::: Supplied data

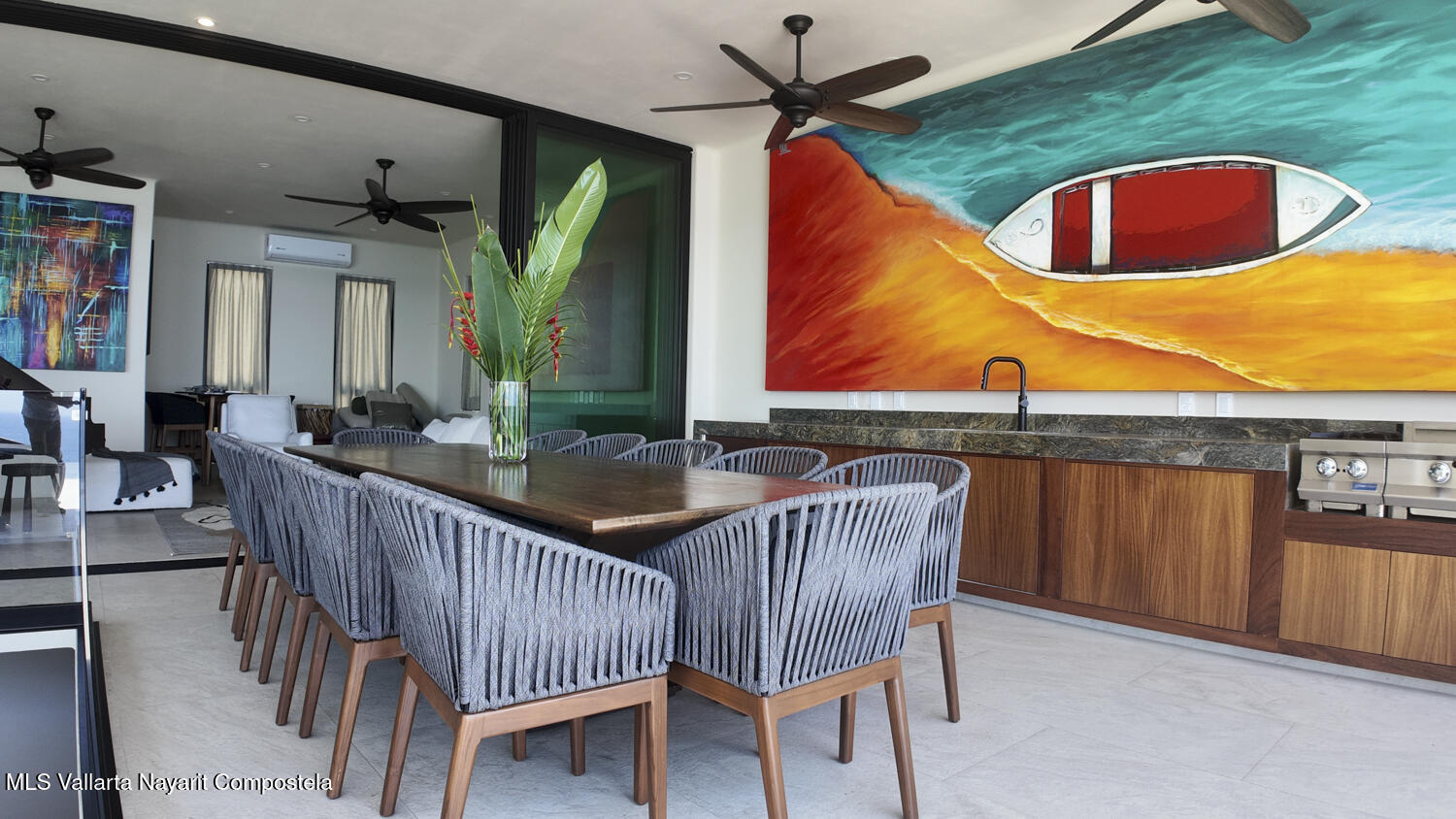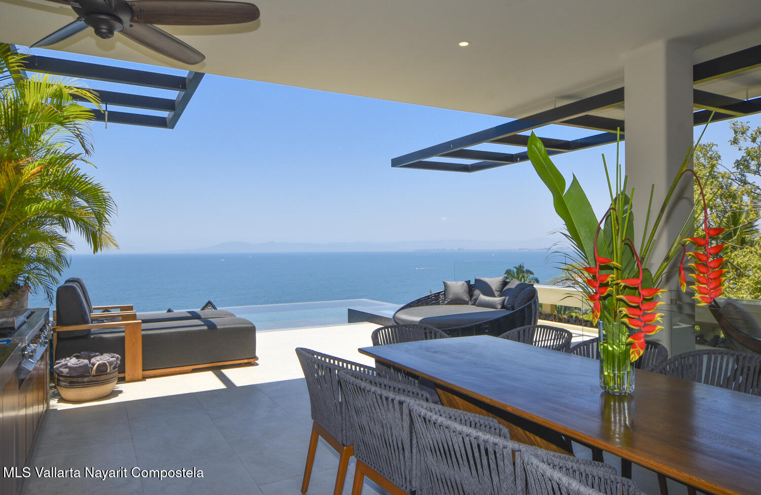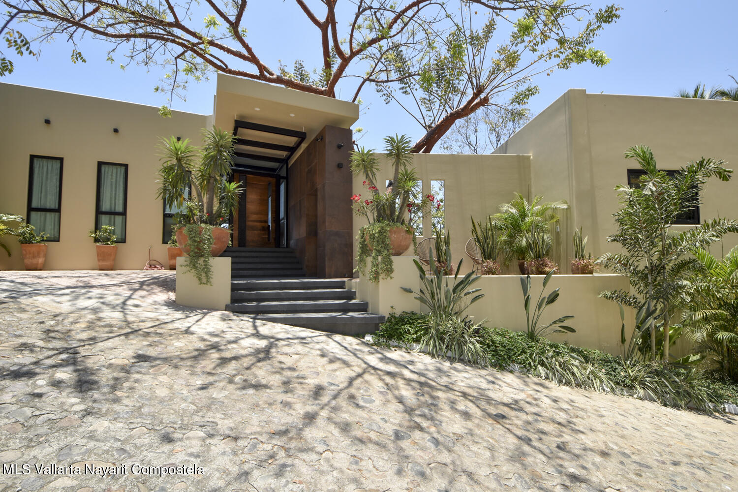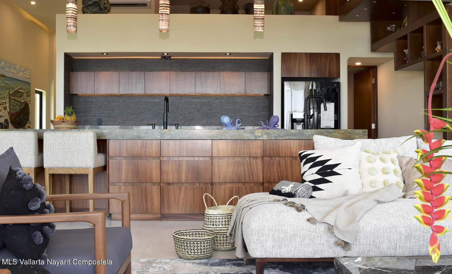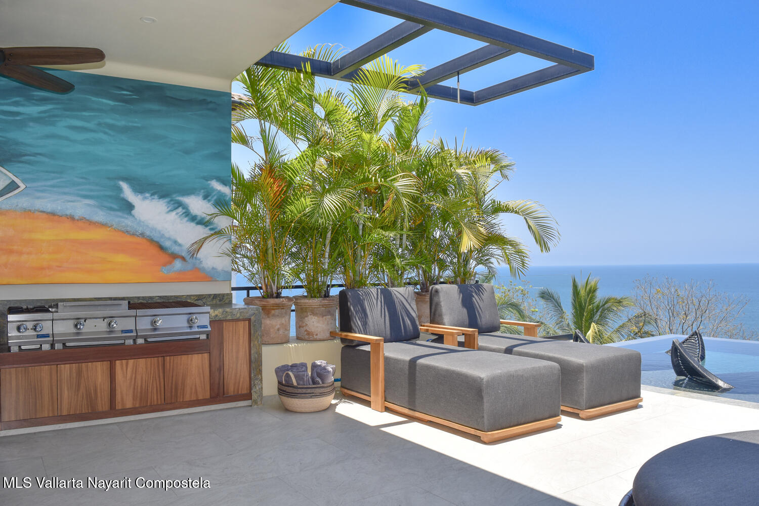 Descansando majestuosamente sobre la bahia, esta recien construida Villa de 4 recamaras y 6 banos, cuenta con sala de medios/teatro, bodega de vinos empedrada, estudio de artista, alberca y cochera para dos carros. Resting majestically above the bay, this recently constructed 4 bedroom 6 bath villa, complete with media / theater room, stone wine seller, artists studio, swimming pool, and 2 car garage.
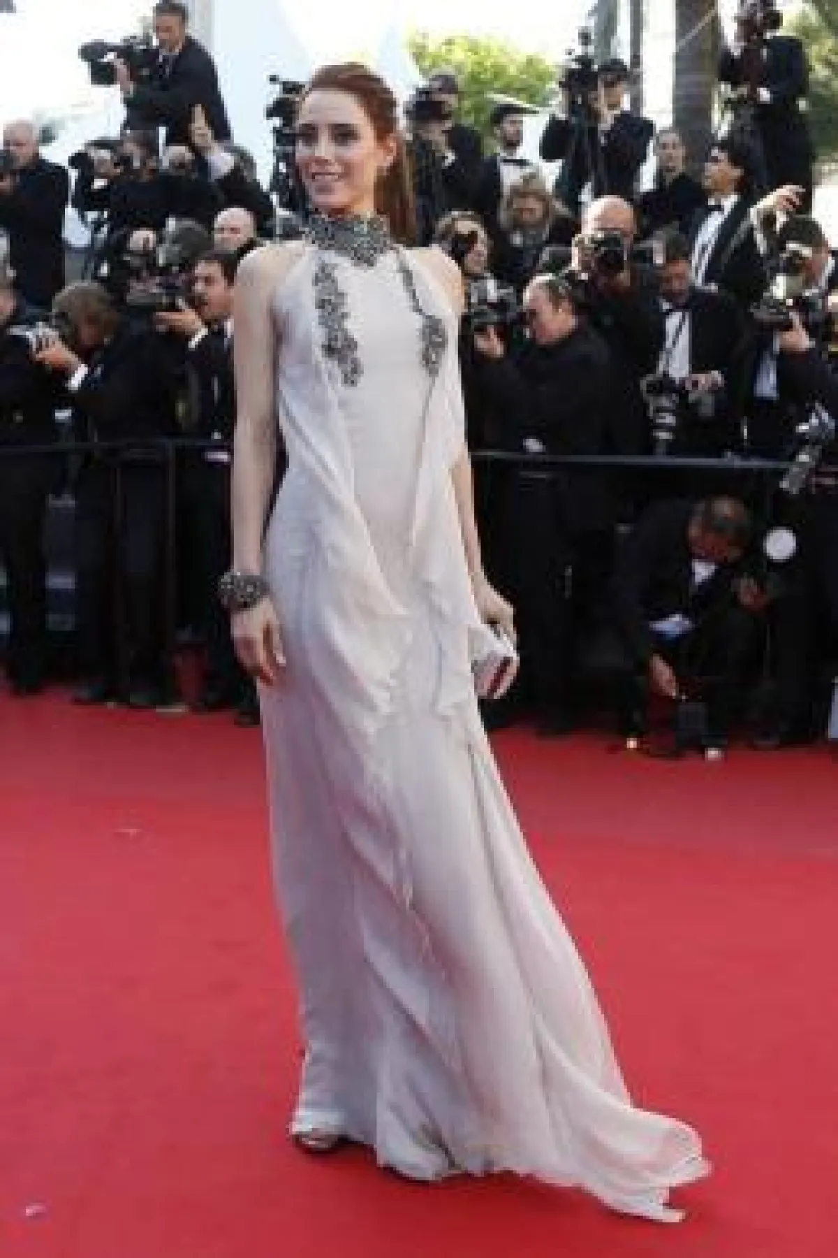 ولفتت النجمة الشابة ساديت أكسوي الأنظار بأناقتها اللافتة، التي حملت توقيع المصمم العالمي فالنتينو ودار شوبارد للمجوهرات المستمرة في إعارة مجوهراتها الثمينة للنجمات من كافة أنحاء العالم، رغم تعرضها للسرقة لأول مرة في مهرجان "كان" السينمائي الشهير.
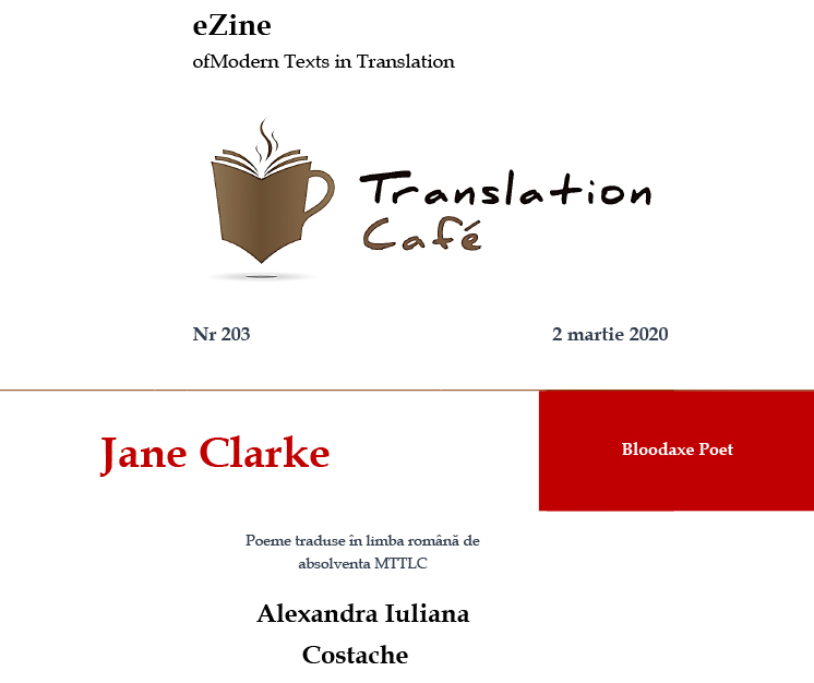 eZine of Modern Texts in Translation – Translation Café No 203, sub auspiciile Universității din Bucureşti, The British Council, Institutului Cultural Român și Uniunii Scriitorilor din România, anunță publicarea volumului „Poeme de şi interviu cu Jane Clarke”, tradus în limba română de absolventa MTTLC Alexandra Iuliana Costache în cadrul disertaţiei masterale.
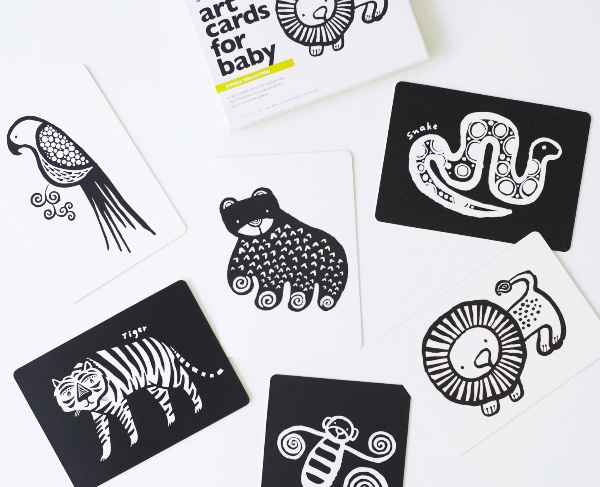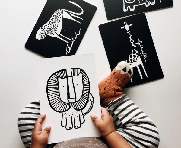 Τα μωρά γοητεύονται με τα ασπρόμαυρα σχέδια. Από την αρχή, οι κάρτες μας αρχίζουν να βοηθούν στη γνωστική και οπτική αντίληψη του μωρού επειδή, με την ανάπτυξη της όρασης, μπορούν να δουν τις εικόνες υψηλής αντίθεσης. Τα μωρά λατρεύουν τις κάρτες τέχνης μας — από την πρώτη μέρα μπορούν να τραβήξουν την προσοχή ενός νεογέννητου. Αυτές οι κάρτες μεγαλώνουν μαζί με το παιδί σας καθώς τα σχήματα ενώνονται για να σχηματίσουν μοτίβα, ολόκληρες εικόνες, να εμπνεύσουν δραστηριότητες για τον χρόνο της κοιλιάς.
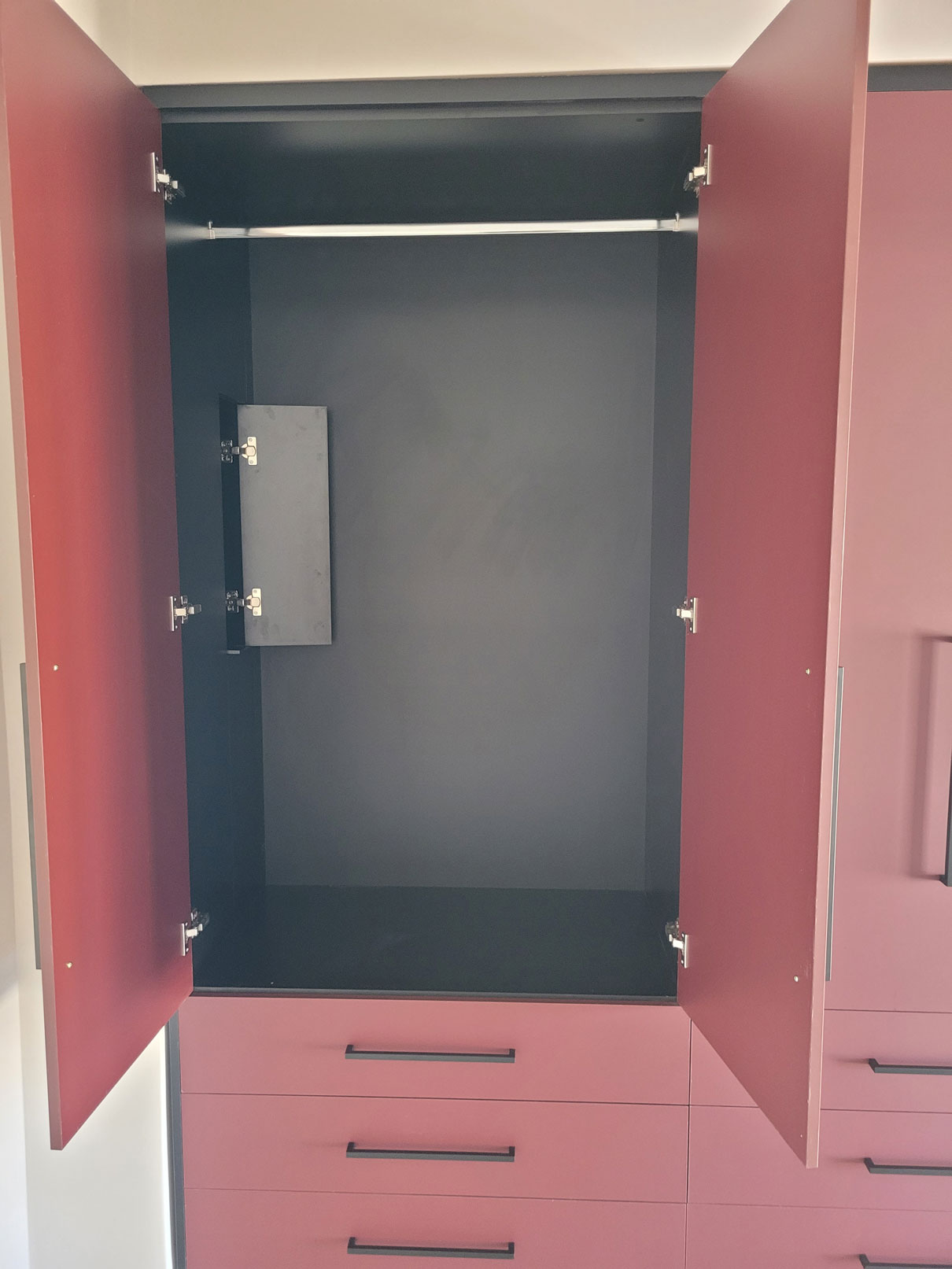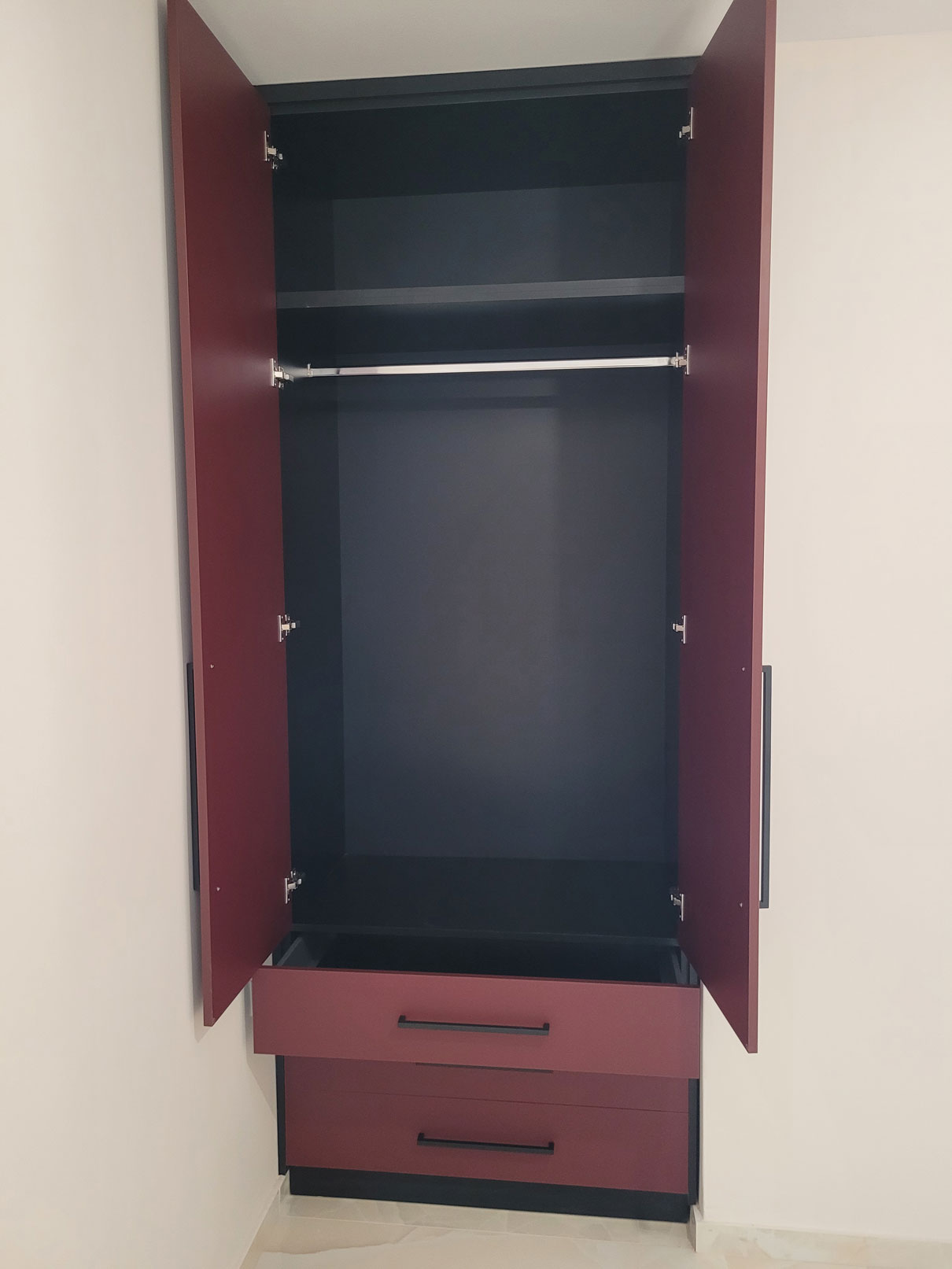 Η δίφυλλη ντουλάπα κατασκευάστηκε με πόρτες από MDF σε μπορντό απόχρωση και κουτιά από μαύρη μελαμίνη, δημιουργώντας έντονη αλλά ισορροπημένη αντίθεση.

::::::

What you will do: Both the line above containing "ولفتت النجمة الشابة" and the line containing "eZine of Modern" belong in the copy, along with every line between them; print these exactly and omit the pictures.

Exercise output:
 ولفتت النجمة الشابة ساديت أكسوي الأنظار بأناقتها اللافتة، التي حملت توقيع المصمم العالمي فالنتينو ودار شوبارد للمجوهرات المستمرة في إعارة مجوهراتها الثمينة للنجمات من كافة أنحاء العالم، رغم تعرضها للسرقة لأول مرة في مهرجان "كان" السينمائي الشهير.
 eZine of Modern Texts in Translation – Translation Café No 203, sub auspiciile Universității din Bucureşti, The British Council, Institutului Cultural Român și Uniunii Scriitorilor din România, anunță publicarea volumului „Poeme de şi interviu cu Jane Clarke”, tradus în limba română de absolventa MTTLC Alexandra Iuliana Costache în cadrul disertaţiei masterale.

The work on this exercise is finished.